Does your choice depends on somehing? And from what country are you?
I almost never have cash on me. It’s debit or credit always. Here’s my thought process on paying with cash. If I buy something that costs, say $4.55, and I hand over a $5 dollar bill, that item has really just cost me $5.00 because what am I realistically going to do with the 45 cents in change?
I put my change in a jar when I empty my pockets. About once a year I’ll take it by the bank and treat myself with the couple hundred dollars it cashes out to.
Are you just throwing yours away?
I’ve got a jar too, but it definitely doesn’t fill up at anywhere near the rate yours does. My pay is direct deposited and every place I shop will take a card. I could either go to the ATM to get cash, use it to pay for things when I don’t have to, collect these small amounts of change, and take it all back to the bank eventually, or I could just not bother with any of these things.
I’ve had like ~70 cents sitting on the shelf for over a year… like, what an I going to do with it? It’s just a pointless pile of coins. half the time those coins are in the wrong combination to pay for whatever other change in my next cash transaction, so I just end up with more coins… which I have to remember to grab when I’m specifically going to a cash-only place…
All of the sub-$1 coins that I have ever received as change in my lifetime would not add up to $100. But I also don’t use (or even carry) cash unless I absolutely must.
Edit to add: I have a jar too. It’s a standard mason jar. I started filling this one after my last move. In 2013.
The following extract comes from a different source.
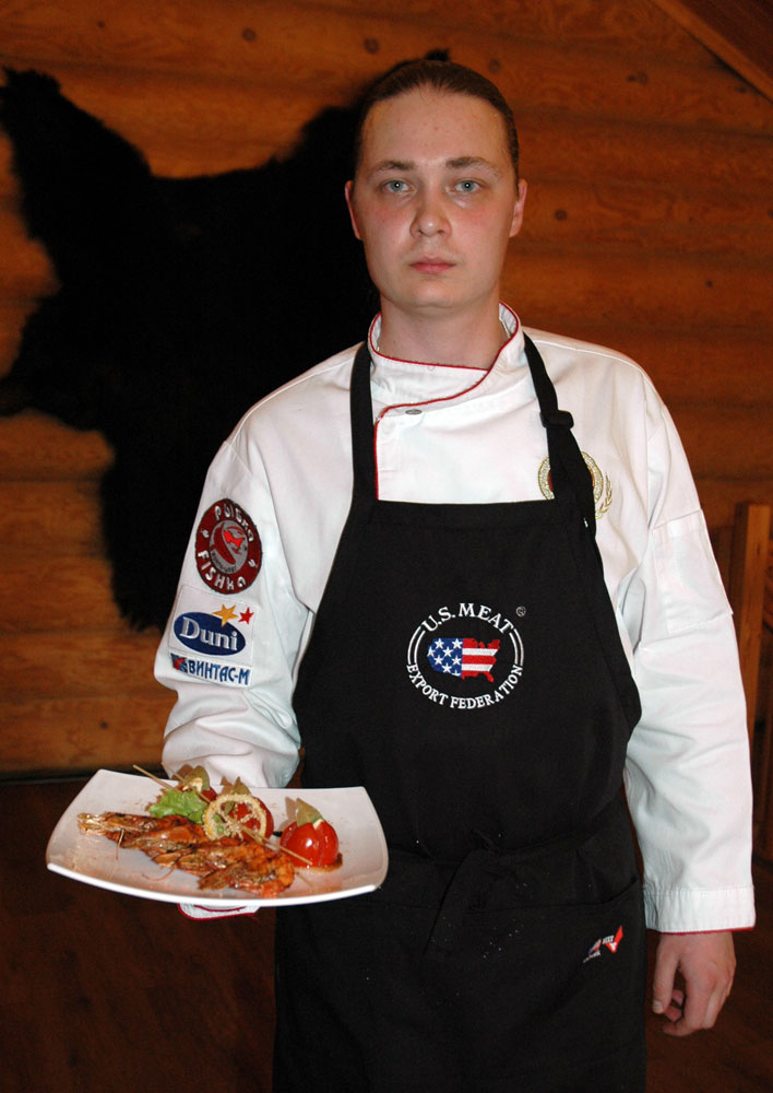 — Выездное обслуживание мне пришлось очень по душе — говорит Андрей. — Когда предложили стать шеф-консультантом в компании «Фиеста», организующей праздники, я с радостью согласился, потому что выездной банкет интересен своими широкими возможностями. Ведь для того, чтобы накормить одновременно несколько сотен человек, нужно быть хорошим организатором. Ты координируешь работу всех — поваров, официантов, — каждый должен работать как часы, так как четкость работы на выездных банкетах должна быть на высоте. Кроме того, здесь повар не связан рамками определенного меню. Клиент может заказать и итальянскую и русскую и, например, тайскую кухню: и мы воплотим любое желание заказчика, даже самое экзотическое.

I have yet to fill it completely.
Back in the day you take that .45 cents and throw it in a big old empty pickle jar with the rest of your loose change.
the problem now is that I’ll just have a big pickle jar with 45 cents. Next year, I’ll have a pickle jar with 60 cents… maybe by the time I retire I’ll have a whole five dollars of change and exchange it for a bill…
Sure. At the current rate. But it’s likely that if you use cash more often then your pickle jar fills up sooner.
The amount of cash I use is only decreasing with every year. I’m not going to further inconvenience myself just to validate a pickle jar.
Norway.
The only ones using cash here are the elderly, immigrant workers and contractors that skip VAT. Been like that a long time. A restaurant chain here stopped accepting cash (illegal), and there was barely some buzz in the media. Buzz so brief I don’t know how it ended.
I can’t even remember the last time I had cash in my wallet
Credit card for the rewards, paid monthly. Keep cash for tipping and small stuff.
US: Credit card only, almost exclusively using Apple Pay. If I somehow obtain cash, I deposit it so that I can spend it using a card instead and earn the rewards. I actively use about half a dozen cards, choosing the right one for each transaction to maximize rewards.
While its solid you’re into the efficiency of it all, as an outsider it seems like an added headache to remember which card would be best for which outlet / type of transaction. I personally just maintain a few cards and only switch once I’ve reached about 50-60% the limit.
Cash, because I try to keep at least some privacy.
Cash. feels better + Banks cant track me
Banks also seem willing to share their data with government agencies.
I always pay with credit card whenever I can for the rewards, then pay it off fully.
cash is printed freedom
Card whenever possible. Faster and more secure in almost every aspect.
Germany
Could be a Berlin thing, but I found it so weird when I was there in early 2020 that most places didn’t accept card.
Cash and only cash. I live in Europe, so basocally wherever I decide to travel, my euros will be accepted, otherwise I’d rather get ripped off by an exchange than give a single piece of metadata to my bank :)
Travelling to places with a different currency outside the EU, I take my debit card and on the very first day withdraw some of the local currency from an ATM.
I live in the eurozone, and I don’t even know what euro cash looks like.
cash. i don’t buy much because i can’t afford to, and what i do is purchased in a real store.
not even well fargo or boa would make a fake account using my data.
Card. Gotta get that cash back.
Do people still carry cash these days? Maybe if I was going to a garage sale or some private transaction… but even for those it’s more convenient to do an e-transfer. Some businesses don’t even have cash registers any more, just a card reader.
I sometimes carry cash. I’ll say one thing, paying with cash makes it easier to avoid the tipping creep problem we’re seeing at U.S. businesses that have traditionally not had tipping.
Almost everyone uses their card or phone here in Sweden. A lot of places stopped accepting cash.